* [THE PROBLEM]:
All of the data should be reproduced word for word, though its pictures must be omitted.

* [DATASET EXCERPT]:

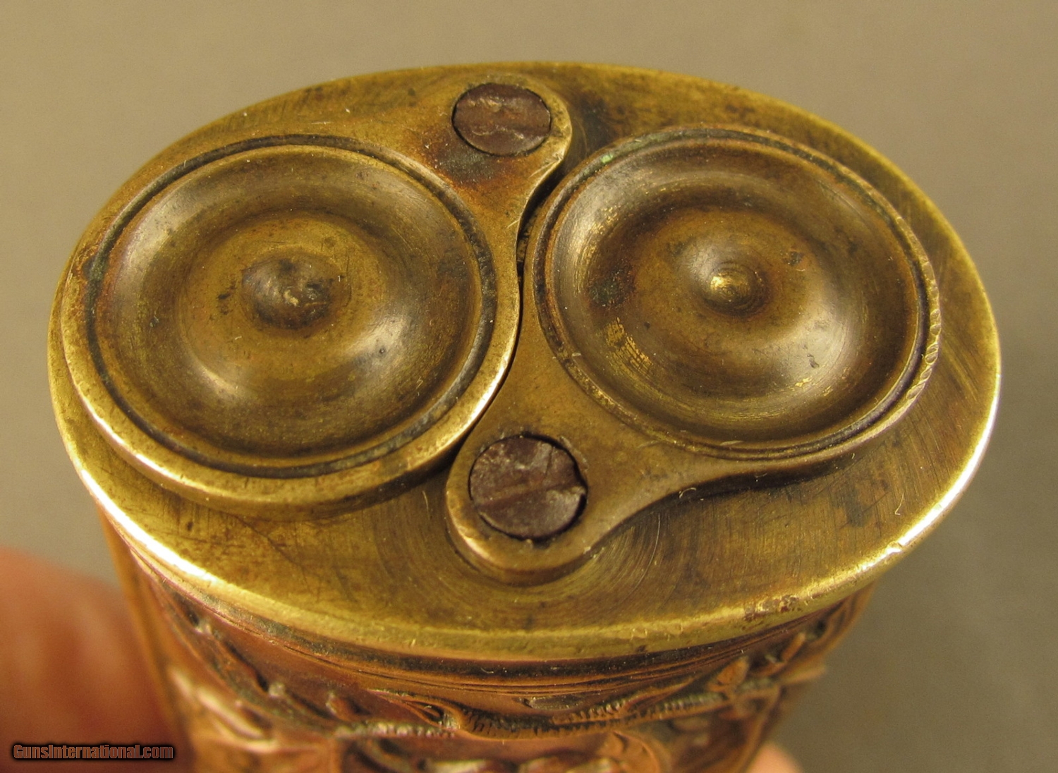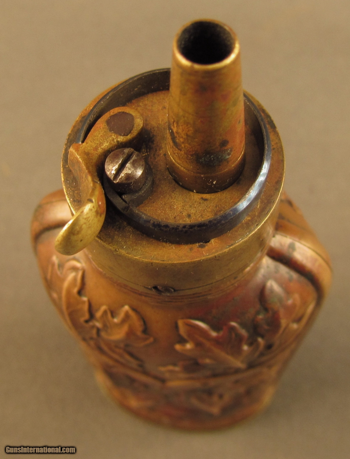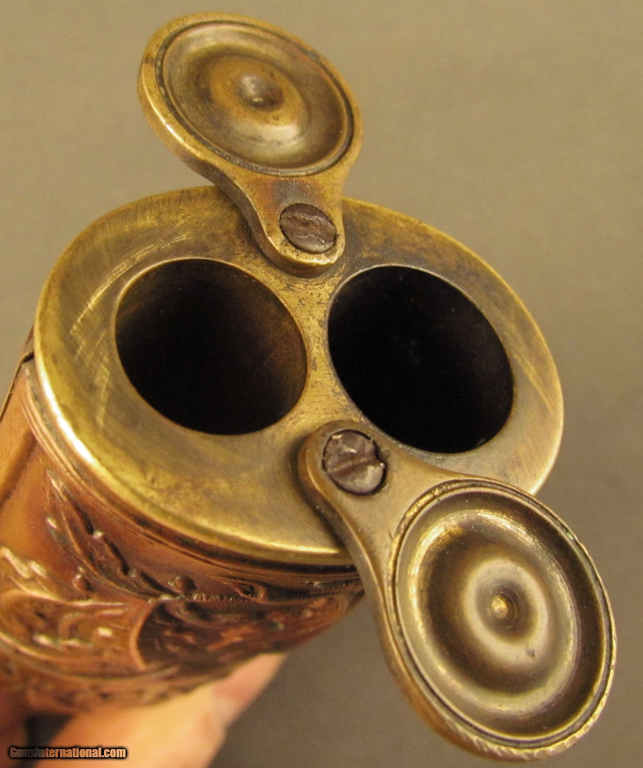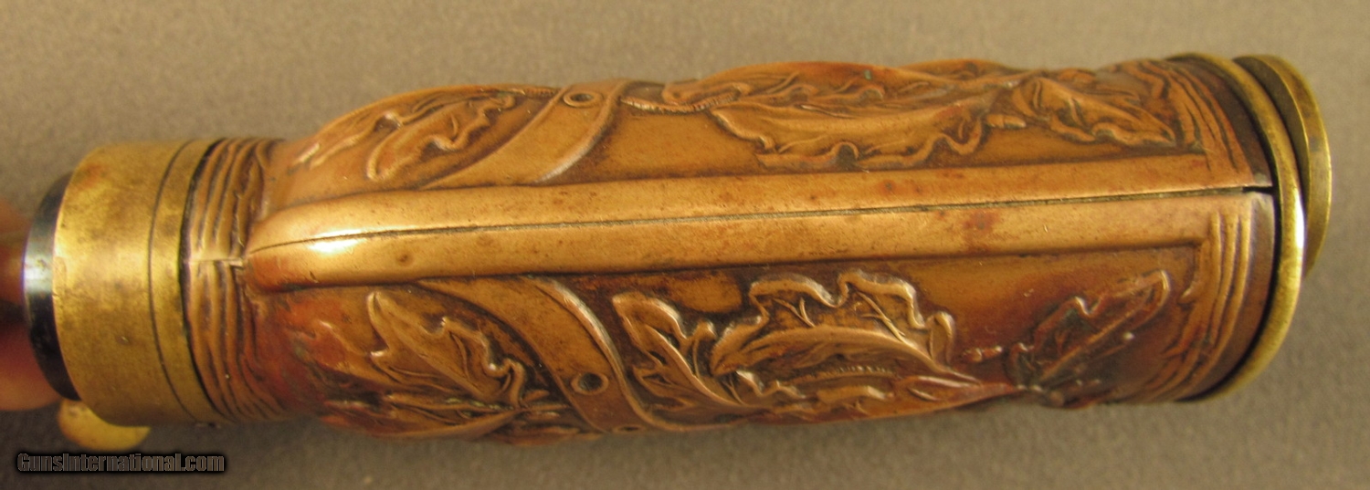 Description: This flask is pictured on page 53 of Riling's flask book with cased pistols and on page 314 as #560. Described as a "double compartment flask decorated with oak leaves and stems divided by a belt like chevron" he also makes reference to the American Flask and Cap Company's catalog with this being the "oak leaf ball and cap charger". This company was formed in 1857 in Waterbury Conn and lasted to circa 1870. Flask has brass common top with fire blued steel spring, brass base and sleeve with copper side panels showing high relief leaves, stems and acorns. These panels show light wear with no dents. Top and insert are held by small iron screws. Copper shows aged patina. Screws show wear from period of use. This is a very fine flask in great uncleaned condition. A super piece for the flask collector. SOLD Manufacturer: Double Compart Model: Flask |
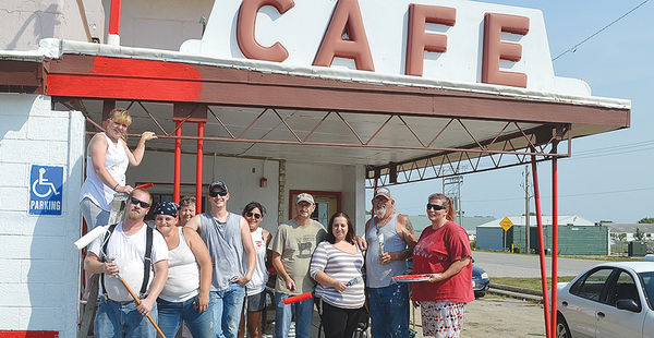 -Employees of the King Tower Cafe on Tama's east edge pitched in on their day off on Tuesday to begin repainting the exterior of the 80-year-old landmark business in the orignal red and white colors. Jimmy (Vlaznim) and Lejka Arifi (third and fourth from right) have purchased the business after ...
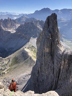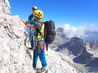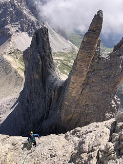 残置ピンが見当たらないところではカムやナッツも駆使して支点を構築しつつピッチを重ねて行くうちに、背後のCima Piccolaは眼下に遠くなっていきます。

* [OUTPUT FOR THIS EXERCISE]:
 Description: This flask is pictured on page 53 of Riling's flask book with cased pistols and on page 314 as #560. Described as a "double compartment flask decorated with oak leaves and stems divided by a belt like chevron" he also makes reference to the American Flask and Cap Company's catalog with this being the "oak leaf ball and cap charger". This company was formed in 1857 in Waterbury Conn and lasted to circa 1870. Flask has brass common top with fire blued steel spring, brass base and sleeve with copper side panels showing high relief leaves, stems and acorns. These panels show light wear with no dents. Top and insert are held by small iron screws. Copper shows aged patina. Screws show wear from period of use. This is a very fine flask in great uncleaned condition. A super piece for the flask collector. SOLD Manufacturer: Double Compart Model: Flask |
 -Employees of the King Tower Cafe on Tama's east edge pitched in on their day off on Tuesday to begin repainting the exterior of the 80-year-old landmark business in the orignal red and white colors. Jimmy (Vlaznim) and Lejka Arifi (third and fourth from right) have purchased the business after ...
 残置ピンが見当たらないところではカムやナッツも駆使して支点を構築しつつピッチを重ねて行くうちに、背後のCima Piccolaは眼下に遠くなっていきます。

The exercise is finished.